Gabon: grand chambardement et « sang neuf » au sein du parti au pouvoir

Au terme d’un congrès de trois jours, le parti présidentiel au Gabon, l’historique mais très affaibli Parti démocratique gabonais (PDG), a renouvelé une grande partie de ses responsables et interdit les courants politiques, tentant de se mettre en ordre de bataille pour les législatives prévues au printemps 2018.

Réunis dans un stade de la périphérie de Libreville, des milliers de délégués et de militants du Parti démocratique gabonais (PDG) ont planché sur comment « revitaliser » et « régénérer » l’ancien parti unique (jusqu’en 1991), aujourd’hui en crise profonde et miné par les divisions.

Si le nouveau secrétaire général Eric Dodo Bouguendza a été confirmé dans ses fonctions, la quasi-totalité de ses adjoints ont été changés, avec davantage de jeunes et de femmes.
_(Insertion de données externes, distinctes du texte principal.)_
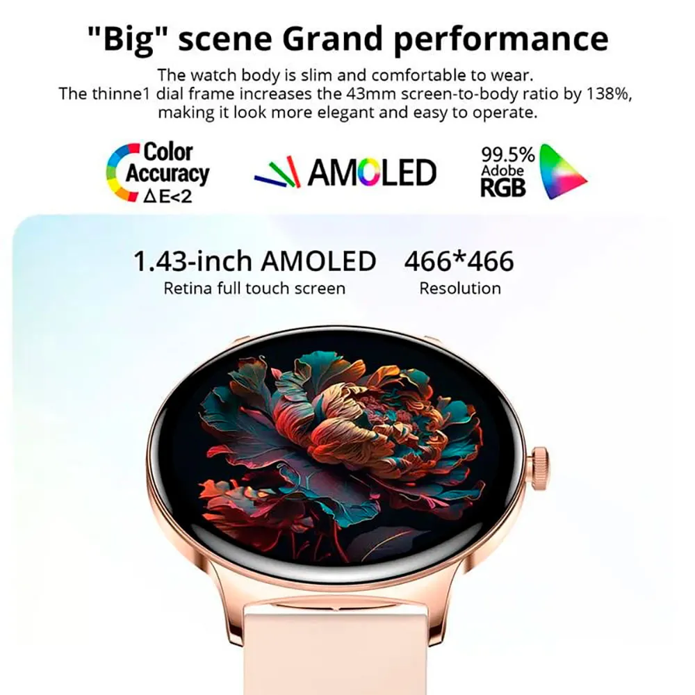 Colmi V89, en or, montre connectée ultra-fine de 1.43 pouce, longue autonomie et avec bracelet en métal.

Les membres du bureau exécutif ont été presque entièrement renouvelés, de même que le comité permanent du bureau politique.

L’ex-secrétaire général Faustin Boukoubi, figure du PDG redevenu ces derniers mois simple militant, a été nommé à la tête du Conseil consultatif des Sages du parti.

Plusieurs recommandations ont été adoptées, dont l’interdiction formelle de créer des courants au sein du parti, une mesure chaleureusement accueillie par les congressistes.

Les travaux ont été ouverts vendredi, puis clôturés dimanche par le « distingué camarade président » et chef de l’Etat Ali Bongo Ondimba, qui, dans sa seconde allocution, a fustigé les « déserteurs, traitres et faux-amis » au sein du parti.

« L’adversaire le plus dangereux est celui qui est dans la maison », a mis en garde le président Bongo, qui a assuré que « le PDG est debout et au service des Gabonais ».

Le parti « a besoin de sang neuf et d’idées neuves », avec « surtout de nouvelles personnes pour les incarner », a-t-il plaidé.

-‘Véritable séisme’-

 

« Il faut en finir avec les discours théoriques et hors-sol, place au ton direct, aux remontées du terrain et à l’approche concrète », a ajouté le président Bongo, qui s’en est pris vigoureusement à une « opposition » aux « idées dangereuses et nuisibles ». Une opposition « composée majoritairement de personnes qui ont bénéficié de la générosité et de la largesse de ce parti et de ce pays », selon lui.

« Pari gagné », affirmait lundi le quotidien pro-gouvernemental l’Union. Presque agonisant, « le PDG a finalement fait sa mue », alors que les oiseaux de mauvaise augure lui avaient prédit le chaos ». Le journal voit dans ce congrès un « véritable séisme » ayant permis de mettre « les vieux briscards à la retraite » et ouvre la voie à une relance du parti pour « être en phase avec les attentes des Gabonais ».

« On voit arriver une nouvelle génération, émerger de nouveaux noms, comme Chantal Mebaley ou Marius Assoumou », observe un analyste local.

« Jouant de son assise dans tout le pays », le parti tente de « désamorcer la fronde générale », notamment celle venue du nord de l’importante ethnie Fang, estime-t-il.

« Il s’agissait aussi de réduire le pouvoir des courants, instrument utilisé par certaines personnalités pour accroitre leur influence, mais qui au final affaiblisse le parti », ajoute cet observateur.

Donné parfois presque moribond, le PDG tente de se remettre en selle depuis plus d’un an et la présidentielle mouvementée d’août 2016, marquée par des violences post-électorales et qui a vu la réélection contestée d’Ali Bongo (qui succéda à son père Omar Bongo en 2009).

Après cette grave crise politique, l’échiquier politique national s’est progressivement restructuré ces derniers mois au Gabon.

L’opposant Jean Ping, qui se proclame toujours « président élu », est aujourd’hui en perte de vitesse, après que certains de ses soutiens ont rejoint le gouvernement.

De nouveaux partis ont été créés, tandis que des élections législatives sont prévues au printemps 2018, mais leur date n’a pas encore été officiellement fixée.

Le PDG a quant à lui dû gérer l’influence croissante de courants rivaux, comme le défunt « Héritage et modernité », le puissant Mogabo, ou le tout dernier « Action pour le président de la République » (APR).

Les courants « ont toujours rythmé la vie » du parti unique, souligne à ce propos le site d’info Gabon actu, qui rappelle qu’Ali Bongo lui-même, sous la présidence d’Omar Bongo, fut à la tête des « rénovateurs », contre les « caciques », puis les « appelistes ».

Avec ce dernier congrés, « il reste à savoir si tous les cadres (du PDG) vont se soumettre à la discipline du parti désormais dirigé par des proches » d’Ali Bongo, soulignait lundi matin Gabon actu.